HRDC vice-chairperson Gift Trapence has since hailed the synod for endorsing the demonstrations, saying the church’s position shows the synod stands for the voice of people.
He said: “We commend the church for that. It is not siding with HRDC, but with the right of the people to demonstrate. These rights are enshrined in the Constitution of the Republic of Malawi.”
Meanwhile, University of Malawi’s Chancellor College political science lecturer Mustafa Hussein said in an interview the church is not doing anything wrong by participating in the protests.
He said: “There is no problem with endorsing demonstrations because these demonstrations have a purpose. There is nothing wrong because they are not endorsing violence, but the idea to exercise a constitutional right. If the church did not endorse the demonstrations, one would interpret that they are against people’s right.”
Malawi Congress Party (MCP) publicity secretary the Reverend Maurice Munthali and his UTM Party counterpart Joseph Chidanthi Malunga said in separate interviews that they support the HRDC plan to hold demonstrations at airports and border posts.
Since May 27 this year when the MEC chair Ansah declared Mutharika of the governing Democratic Progressive Party (DPP) winner of the presidential race in the May 21 Tripartite Elections with 1 940 740 votes, representing 38.8 percent, the political temperature has risen, with demonstrations which in some cases have been marred by looting and violence.

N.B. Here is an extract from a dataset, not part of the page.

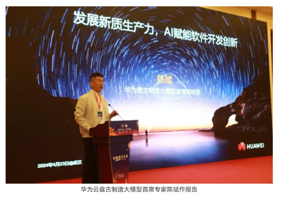 華為云盤古制造大模型首席專家陳斌作題為《發展新質生產力、AI賦能軟件開發創新》的報告?;仡櫫塑浖こ贪l展歷程,提出當前軟件行業面臨的瓶頸與挑戰以及AI賦能軟件開發,研發作業從代碼為中心走向模型為中心,從以人為主走向智能自主研發的智能化新階段。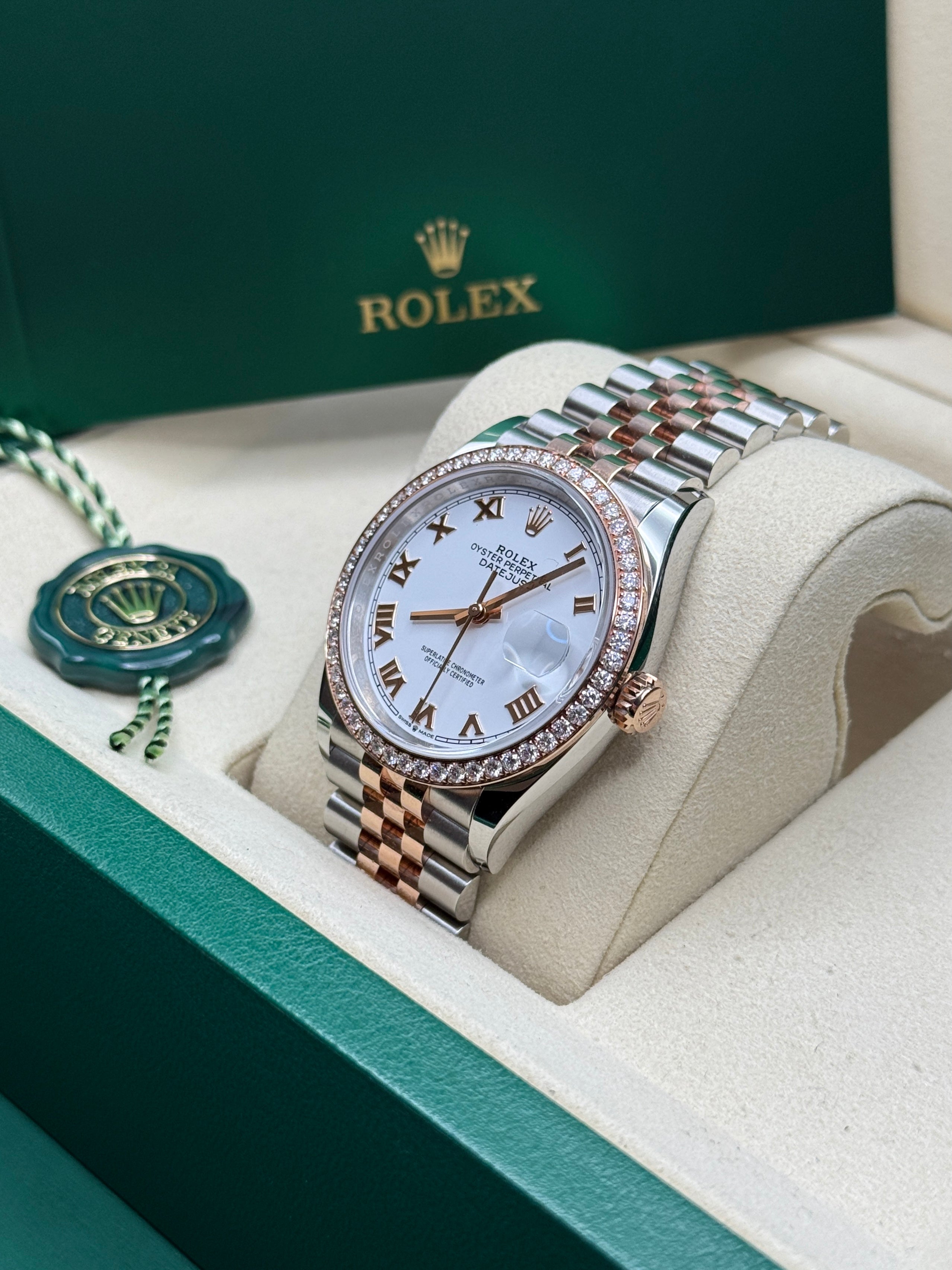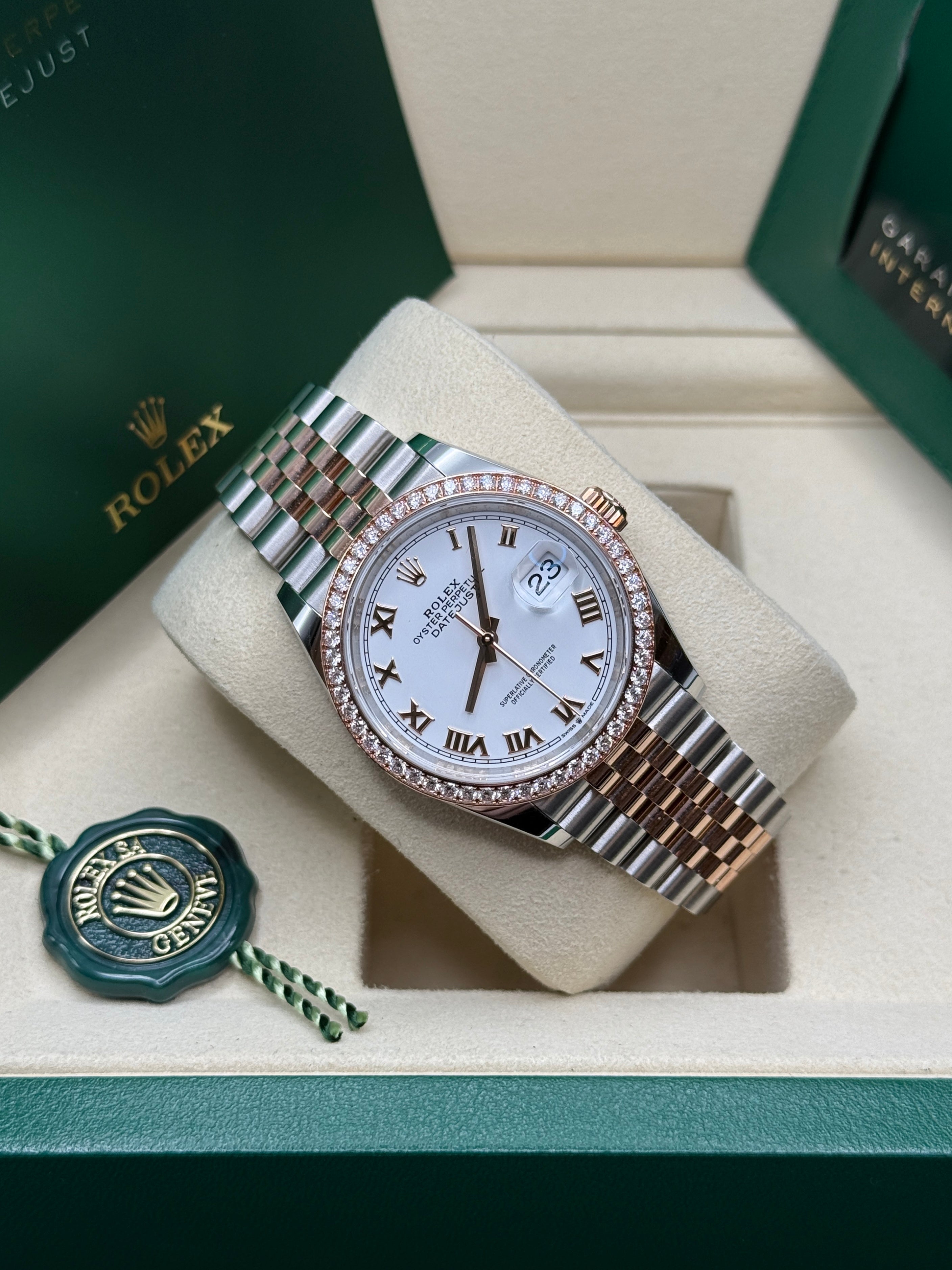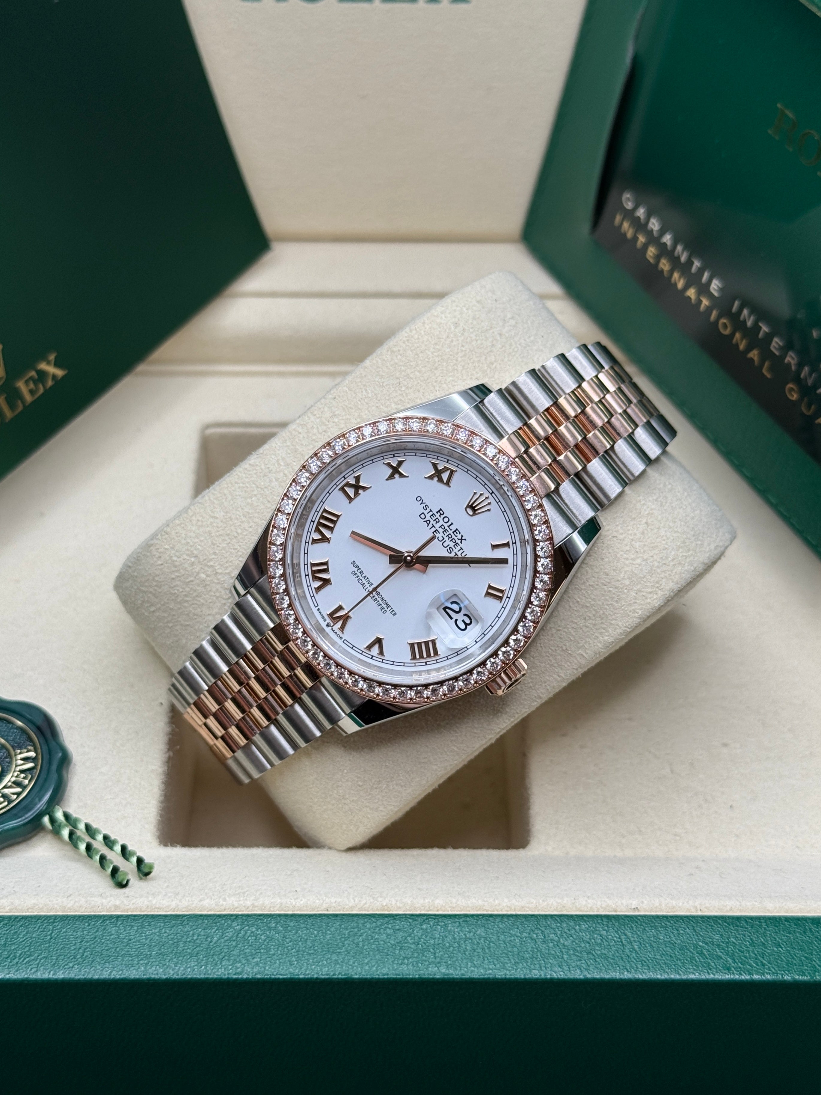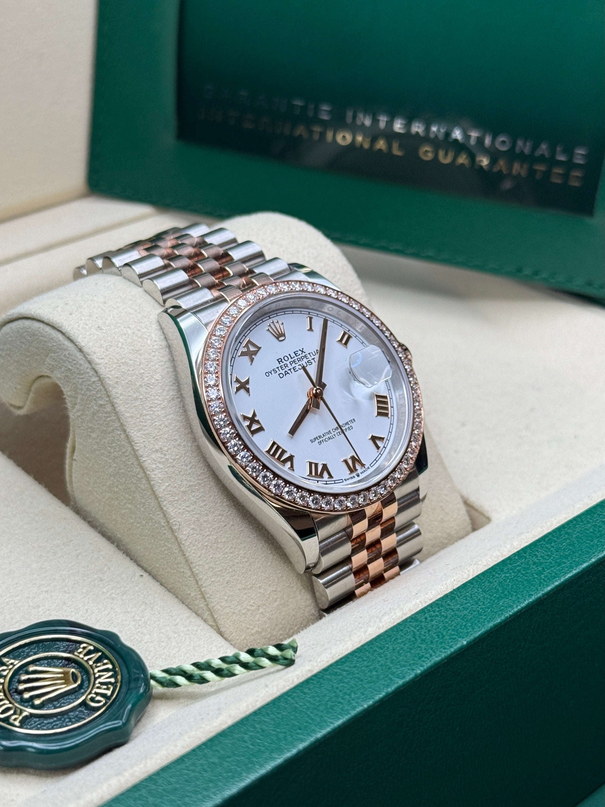Rolex’s Datejust is the archetype of the classic watch thanks to functions and aesthetics that never go out of fashion. Launched in 1945, it was the first self-winding waterproof chronometer wristwatch to display the date in a window at 3 o’clock on the dial, and consolidated all the major innovations that Rolex had contributed to the modern wristwatch until then. The Datejust has spanned eras while retaining the enduring aesthetic characteristics that make it so instantly recognizable. A paragon of robustness and elegance, the Oyster case of the Datejust 36 is guaranteed waterproof to a depth of 100 meters (330 feet) and is equipped with calibre 3235, a movement entirely developed and manufactured by Rolex.

Results MEC announced put MCP presidential candidate Lazarus Chakwera on second position with 1 781 740 votes, representing 35.41 percent while his UTM Party counterpart Saulos Chilima came a distant third with 1 018 369 votes, representing 20.24 percent, ahead of four other aspirants.
Chilima and Chakwera have since filed a petition in the Constitutional Court seeking nullification of the presidential election results. They cite alleged flaws in the results management process as a key factor for their case.
Ansah, a judge of the Malawi Supreme Court of Appeal, has dismissed calls for her to resign for allegedly mismanaging the presidential election, saying she would only step down if the court hearing an elections petition case found her leadership to have failed to discharge its duties.
Last week, HRDC demanded that Mutharika should address the nation on steps he is taking to solve the current political impasse or risk triggering a high level of demonstrations.
HRDC chairperson Timothy Mtambo warned that if the President did not assure the country of how he is moving to meet demands presented in the six demonstrations HRDC has staged in the past two months, his group would hold demonstrations in strategic places such as border posts and airports.
Mutharika has, to date, kept mum.
The demonstrations have been scheduled from August 26 to 30, to be followed by a “two million march” organised in the four cities of Mzuzu, Zomba, Lilongwe and Blantyre on September 5 this year. The Livingstonia Synod, largely domiciled in the Northern Region with a few churches in the Centre, has in the past openly criticised the DPP-led government, particularly for introducing the quota system for selecting students into public universities, which they claim puts students from the North at a disadvantage.